MATERIAL TO PROCESS.

----

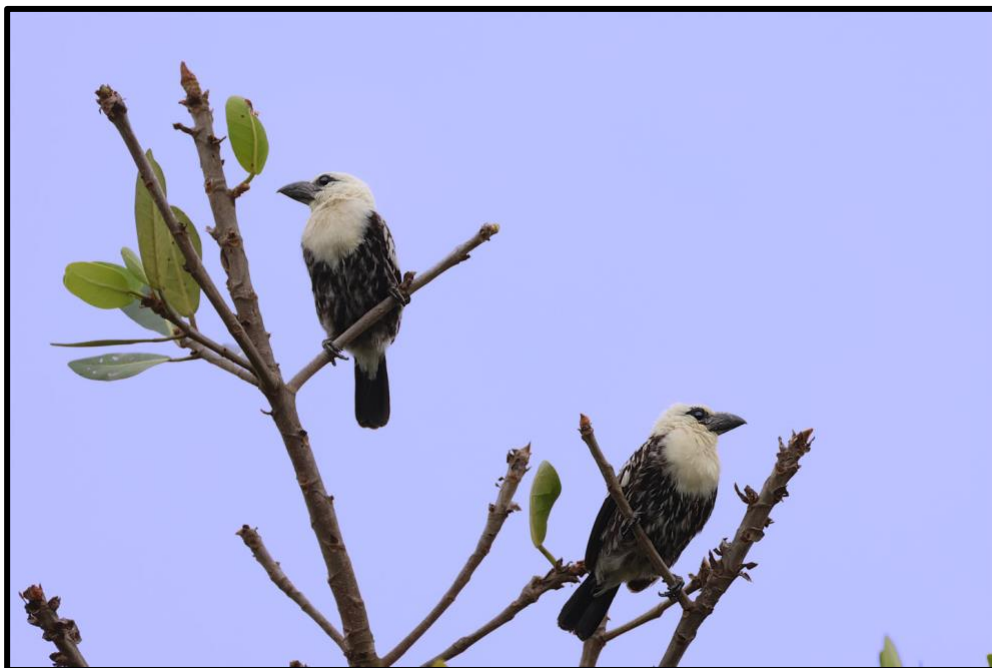
A duetting pair of White-headed Barbets was a pleasant distraction.

Today was a full day spent in the bird-rich savannah and woodlands of Lake Mburo National Park. Upon reaching the park gate, we added Red-headed Weaver and Greater Blue-eared Starling to our trip list before venturing south down the main park road that takes you towards the lake. The bush here was bustling with activity, and new species we managed to find during the morning included Emerald-spotted Wood Dove , Long-tailed Cisticola , Buff-bellied Warbler , Nubian, African Grey and Bearded Woodpecker , White-winged Black Tit , Ashy Flycatcher , Pale Flycatcher , Grey Tit-Flycatcher , Pearl-spotted Owlet , Verreaux's Eagle-Owl , Bateleur , Crested Francolin , Greater Honeyguide , Crested and Black-collared Barbet . Mammals also abound in this reserve, with plentiful sightings of Waterbuck (here of the defassa subspecies), Plains Zebra , (Rothschild's) Northern Giraffe , Impala , Warthog , Olive Baboon and Tantalus Monkey , supplemented by smaller numbers of Tsessebe (known locally as Topi), Common Dwarf Mongoose , Bushbuck and a single group of Common Eland . We then returned to the lodge for lunch, trying not to get distracted by the great birding around the viewing deck. Lappet-faced Vulture , Little Spotted Woodpecker and White-headed Barbet were new trip birds seen here, and we had more views of Black-chested Snake Eagle , Red-headed Lovebird and Double-toothed Barbet .
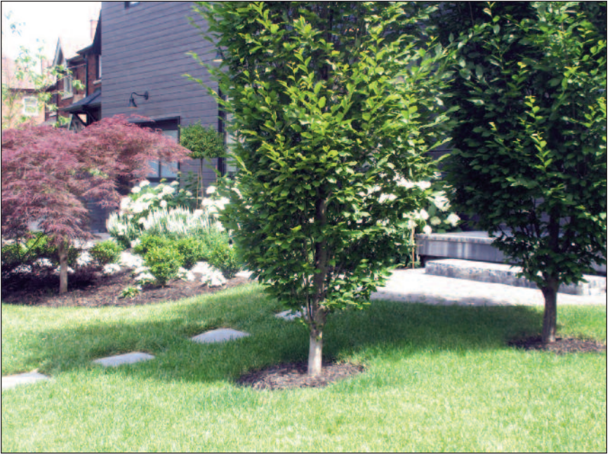
One of the Gardens of Distinction (Honourable Mention)—102 Leacrest Road
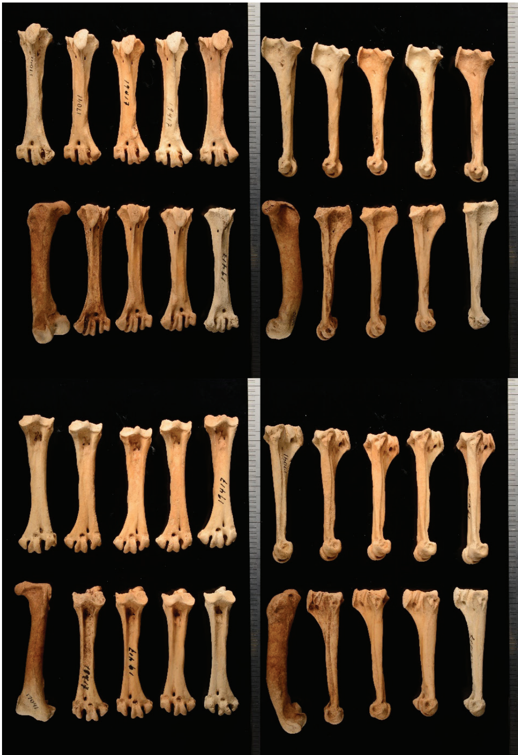
Figure 12. Femur and tarsometatarsi from Spectacled Cormorants Urile perspicillatus in the National Museum of Natural History, Washington, DC (USNM 17041 and USNM 19417); scale bars in mm
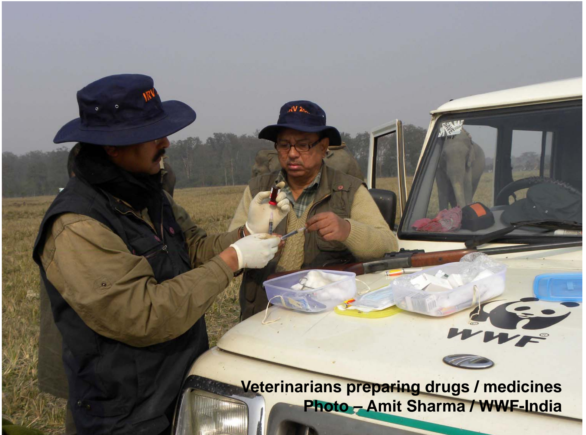
Veterinarians preparing drugs / medicines
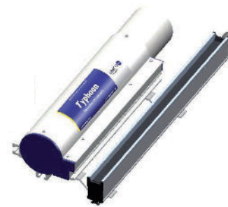
Typhoon with Performax (IQ) Easy Ex anti-static bar
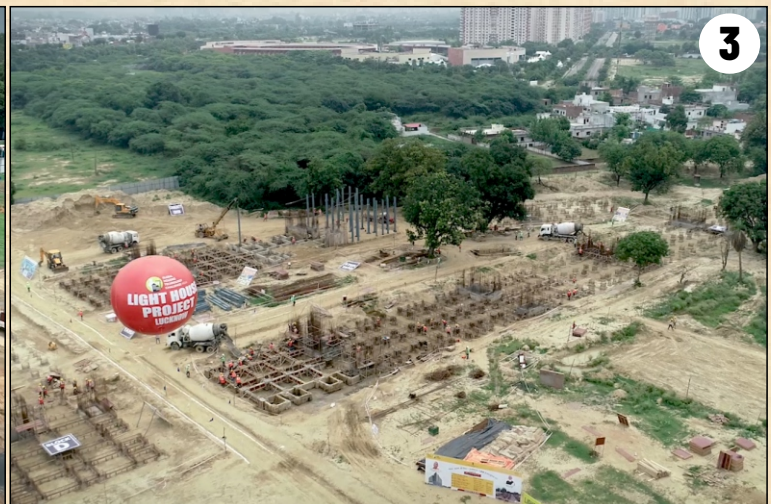
Aerial view of LHP Lucknow

----

Only one thing is required here: an exact copy of the lines from the one bearing "Typhoon with Performax" through the final line above, both included, with pictures left out.

ANSWER SECTION.
Typhoon with Performax (IQ) Easy Ex anti-static bar
Aerial view of LHP Lucknow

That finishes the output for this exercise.